- ICH GCP
- US Clinical Trials Registry
- Clinical Trial NCT02019316
BioSteel Supplementation and Performance
The Effect of BioSteel Sports Drink Supplementation on Muscular Fatigue, Cognitive Function, and Recovery Following Sprint Interval Exercise
Study Overview
Status
Conditions
Intervention / Treatment
Detailed Description
This study is expected to start in January 2014 and be completed by December 2014.
Ten exercise trained male athletes (18-35 years) will complete a repeated testing protocol under 2 experimental conditions in a systematically rotated blind crossover design: BSD and isoenergetic carbohydrate control, separated by 1 week. The testing protocol will consist of sprint interval exercise (4-repeated Wingate cycle tests, resistance at 10% body mass separated by 4 min recovery bouts, followed by 4 muscular fatigue and 2 cognitive function tests).
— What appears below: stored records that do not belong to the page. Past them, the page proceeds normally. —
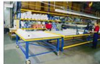
MESAS DE CORTE
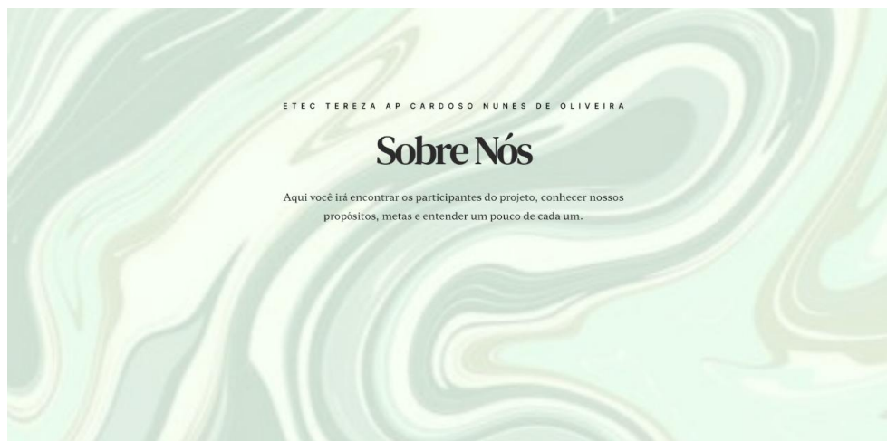
Figura 3 - Website - Sobre Nós
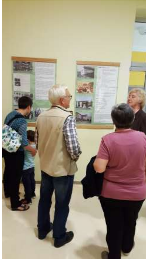
Razstava v prostorih OŠ Pesnica, 17. 5. 2017
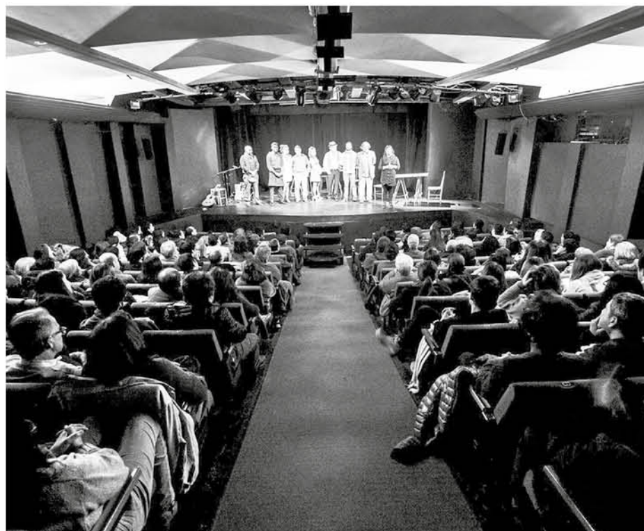
A TABLERO VUELTO se presentaron los dos días en la sala Comedia en Santiago.
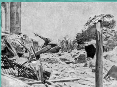
Ερείπια της εκκλησίας στο χωριό Σίλιμπουχοβο της Περιφέρειας Μόσχας
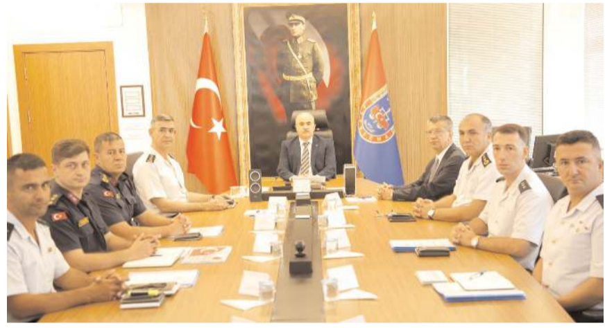
Toplantıda ilçelerin ve köylerin güvenlik tedbirleri ele alındı.

Dağlı, yapmış oldukları çalışmalardan dolayı jandarma mensuplarına teşekkür ederek, bundan sonraki çalışmalarında da üstün başarılar diledi. (Haber Merkezi)
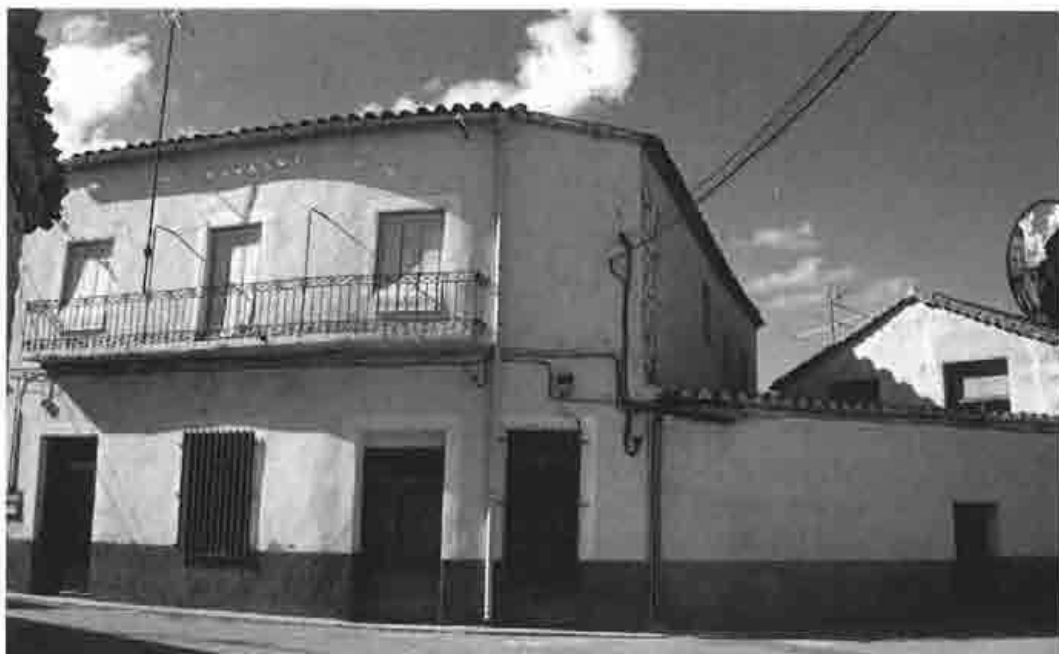
Edificio del antiguo Salón de Teatro construido por Simón Vázquez
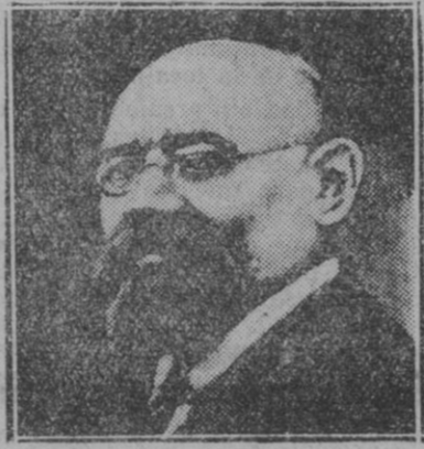
El ex-canciller austriaco Renucz, una de las personalidades más destacadas del socialismo de su país, que ha sido electo diputado en las recientes elecciones celebradas en Austria

“Mucho me agrada que haya usted hallado también a la marquesa de Aranda. En la creación de la marquisa,
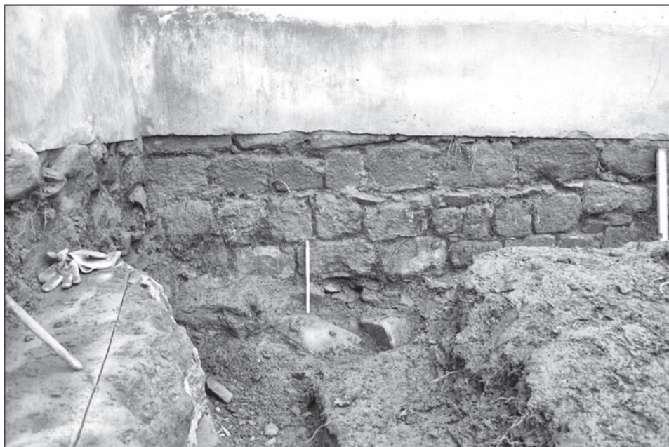
Obr. 6. Bukovec, okr. Domažlice, kostel Nanebevzetí Panny Marie. Jižní stěna lodi zděná z druhotně použitých románských kvádrů. Vlevo kvádrík se zbytky polychromie. Foto M. Čechura, 2009.
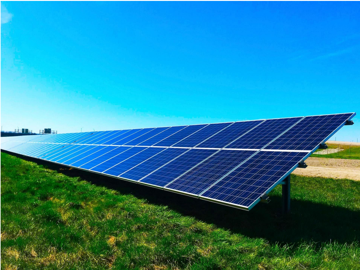
Kuva 1:

AVAINSANAT: Aurinkokenno, sähkö, fotoni, energia, teknologia
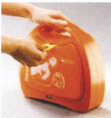
3. Defibrillator öffnen
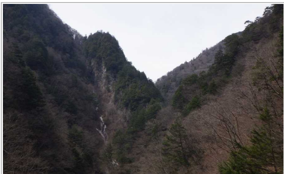
北葛沢(きたくずさわ) ①
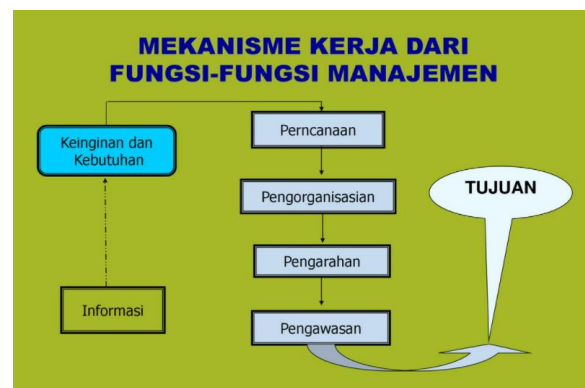
Gambar 2. Materi Manajemen Usaha

Tempat :dilakukan secara online menggunakan aplikasi zoom, Join Zoom Meeting: https://us02web.zoom.us/j/86866370950?pwd=RXdSMVJ6VEV4VU1ZVi9lVnpUbWJ0Zz09 , Meeting ID: 868 6637 0950, Password: 911173
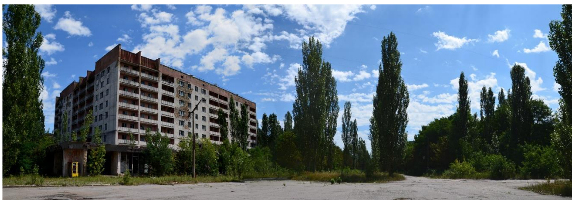
Obr. 4 – Město Pripyat
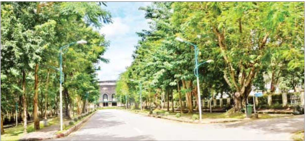
အဓိပတိလမ်း။

မြန်မာ့သမိုင်းတစ်လျှောက်တွင် လိုအပ်ချက်အရ ပေါ်ထွက်ခဲ့သူများ ရှိခဲ့ကြပါသည်။ မြန်မာနိုင်ငံသည် သူ့ကျွန်ဘဝရောက်ခဲ့ပြီးနောက် လွတ်လပ်ရေးနှင့် ဝေးနေခဲ့ရသည်။ ထိုလွတ်လပ်ရေးကို ပြန်လည်ရယူပေးမည့်သူတစ်ဦး ပေါ်ထွက်လာခဲ့ပါသည်။ ထိုသူမှာ သခင်အောင်ဆန်းမှသည် ဗိုလ်ချုပ်အောင်ဆန်းဖြစ်လာသည့် ရန်ကုန်တက္ကသိုလ်ကျောင်းသား မောင်အောင်ဆန်းပင် ဖြစ်သည်။ သမိုင်းလိုအပ်ချက်ကို သိရှိမွေးထုတ်ပေးခဲ့သည့် ရန်ကုန်တက္ကသိုလ်ဟု ဆိုနိုင်ပါလိမ့်မည်။
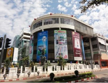
ຕະຫລາດເຊົ້າ ແລະຕະຫລາດເຊົ້າມ່ວນ
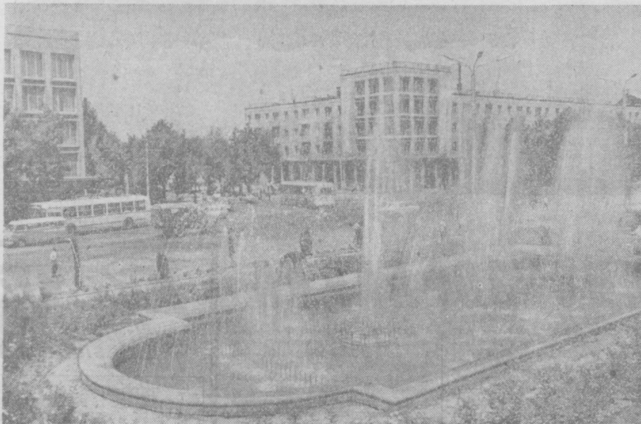
ТОЖИКИСТОН ССР пойтахти — Душанба. Ленин проспекти.

Уттизинчи йилларнинг бошларида Вахш водийси ўзлаштирила бошланди. Чет эл мутахассислари ва вакиллари рўбба чинамайдиغان ҳаёлини бир йарса, деҳ қисоблаган эдилар. Аммо улар партиямиз халқини оммавий меҳнат қарамонлигини руҳида тарбиялаганини ҳиссига олмадилар. Ҳаёлини бир йарсаини ҳақиқатга айналтирмоқ учун улар йил талаб қилишди. Қалин қамшизорлар, шўрликлар ва боққоқликлар барҳам топди. Бухоро амири Вахш водийсини одамлар
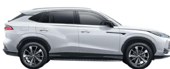
Колісна база 2765 мм Довжина 4655 мм
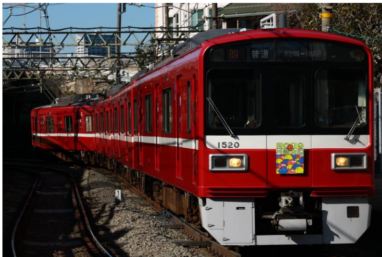
ヘッドマークを付けて運転した2019年の京急大師線
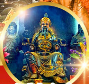
วัดปักโตฮองฮำ
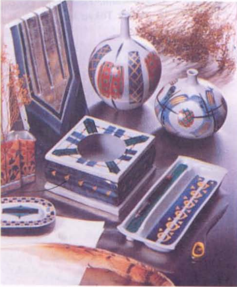
Resim 10— Büro elemanı olarak düşünülmüş farkı Kutani seramikleri.
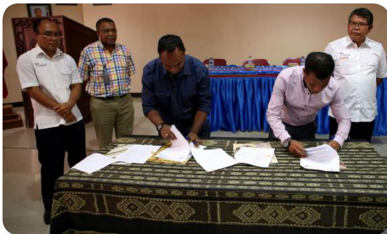
SEFOPE ho FDCH asina Memorandum Entendimentu ho STP Bali, Indonesia no Novo Turismo, iha salaun enkontru SEFOPE, Cai-Coli, 18/10/2019
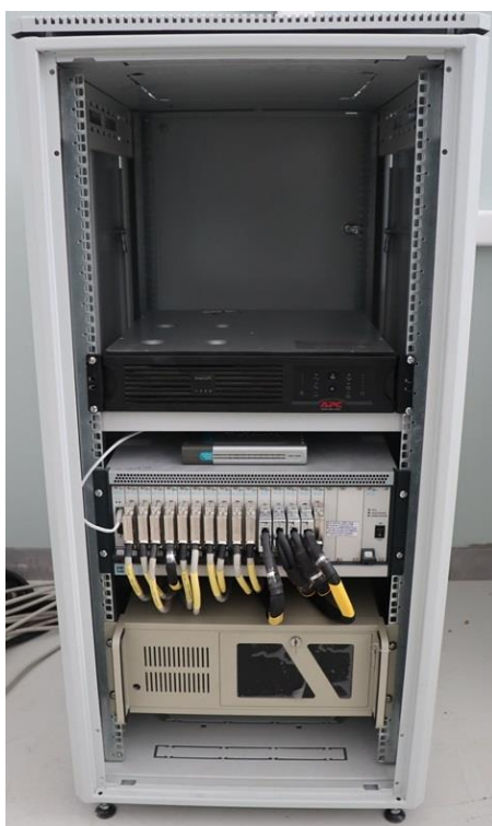
Р и с у н о к 1 – Общий вид ПК АРМ с указанием места нанесения заводского номера и знака утверждения типа

Approximately 1-2 weeks prior to testing, participants will complete two familiarization sessions in the laboratory. During the first session (~2h), participants will be asked to complete a physical activity readiness questionnaire and a participant information form for personal and familial health history to rule out any pathologies or health issues that may preclude them from participating in the present study. Additionally, their body composition will be determined via BodPod (air displacement chamber), and they will also be screened via 5 exercise tests used in National Hockey League Combine (150 lb bench press, 8 lb sitting medicine ball toss, standing long jump, vertical jump and maximal oxygen consumption test on a cycle ergometer). During the second session (~1h), they will familiarize themselves with the 2 cognitive tests. This testing is designed to eliminate any learning effect of repeat testing.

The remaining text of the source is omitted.